Все сочленения стеклянных и пластмассовых костей, все шарики грудей и бусинки сосков, все пестики, тычинки, все клешни, все щупальца светились общим для галактики, для всех объектов эротизмом – сквозным, тотальным, всюдным, и, брезгуя уютом благоразумно-взвешенной искусствоведческой трактовки, Нагибин видел главное – дышавшую во всех объектах-существах неукротимую и первобытную как будто волю к жизни; овеществленную, заявленную на всех возможных уровнях идею прирастания живого – плодоношения, цветения, беременности, победы первоестества и первочувственности над сконструированным, искусственным великим неживым. «Это что же, – он сказал Палеолог, – они все у тебя беременные?» – «Ты страшно проницателен», – на это отвечала византийка, опуская голову на Мартынове плечо.

Нагибин не сказал ни слова, поняли его без слов.
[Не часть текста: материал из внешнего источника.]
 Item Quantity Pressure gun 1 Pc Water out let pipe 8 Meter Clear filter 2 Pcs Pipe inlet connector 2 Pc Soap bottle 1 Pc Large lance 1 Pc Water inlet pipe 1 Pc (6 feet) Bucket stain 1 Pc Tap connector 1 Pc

Подвигин зашагал к машине без оглядки, оставил их вдвоем. А этим делать что? В глаза друг другу? Языками – бла-бла-бла? А порознь не могут почему-то тоже. Ну, Сухожилов вот, по крайней мере, без Нагибина не может точно.
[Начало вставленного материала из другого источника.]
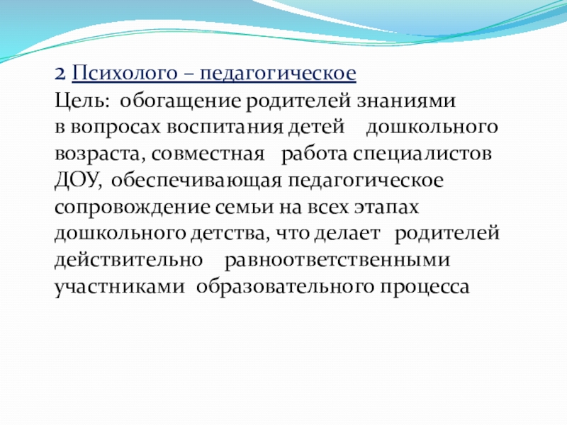 2 Психолого – педагогическоеЦель: обогащение родителей знаниями   	в вопросах воспитания детей 	дошкольного возраста, совместная 	работа

– Ну что ты ходишь-то за мной? – не выдержал Нагибин, вскрикнув с мукой. – Теперь-то что? Уйди, проповедник. Видеть тебя не могу. Ну все, остановились поиски.

– Опять ты нюни, эскулап?

– Отец ее звонил, – заговорил Нагибин быстро и без выражения. – Решился только что на поиски в мертвецких. Сегодня образец сдал – эскпертиза будет. Ну, все, Сережа-чудотворец?
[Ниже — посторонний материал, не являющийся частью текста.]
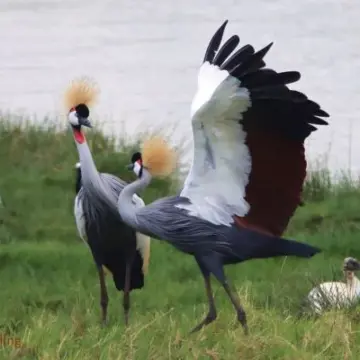 Kronenkraniche erreichen eine imposante Flügelspannweite von zwei Metern. Sie leben südlich der Sahara in Afrika. Als Glücksboten und Wächter über die Gesundheit der Menschen und des Viehs werden sie in vielen Kulturen der Sahelzone verehrt. Als besonders talentierte Heuschreckenjäger helfen Kronenkraniche, die Entstehung riesiger Wanderheuschreckenschwärme, die ganze Ernten vernichten können, einzudämmen. Vogelbeobachter aus aller Welt reisen nach Afrika, um diesen imposanten Vogel in seinem natürlichen Lebensraum zu erleben. Nicht zuletzt trägt der Kronenkranich dadurch zum Einkommen vieler afrikanischer Familien bei.

– Ну-ну, я посмотрю на вас, когда в мертвецких тоже будет пусто. Ведь понапрасну папка нуклеиновые льет.

– Отвяжись, я тебя умоляю.

– Слышь, брат, ты расскажи мне про нее, – вдруг Сухожилов вместо того, чтоб отвязаться, попросил. – Я мучаюсь, страдаю от того, что не на равных мы. У тебя экслюзив, личное. Рассказывай. Давай, давай инсайдерскую.

– Ты стыд совсем…

– Ага, ага. Рассказывай. Ну. Что я не знаю.

– Ты ничего не знаешь. И не узнаешь никогда.

– А мне одним глазком. Краешком.

– Нет, это при близком знакомстве. Ты понял? Прости.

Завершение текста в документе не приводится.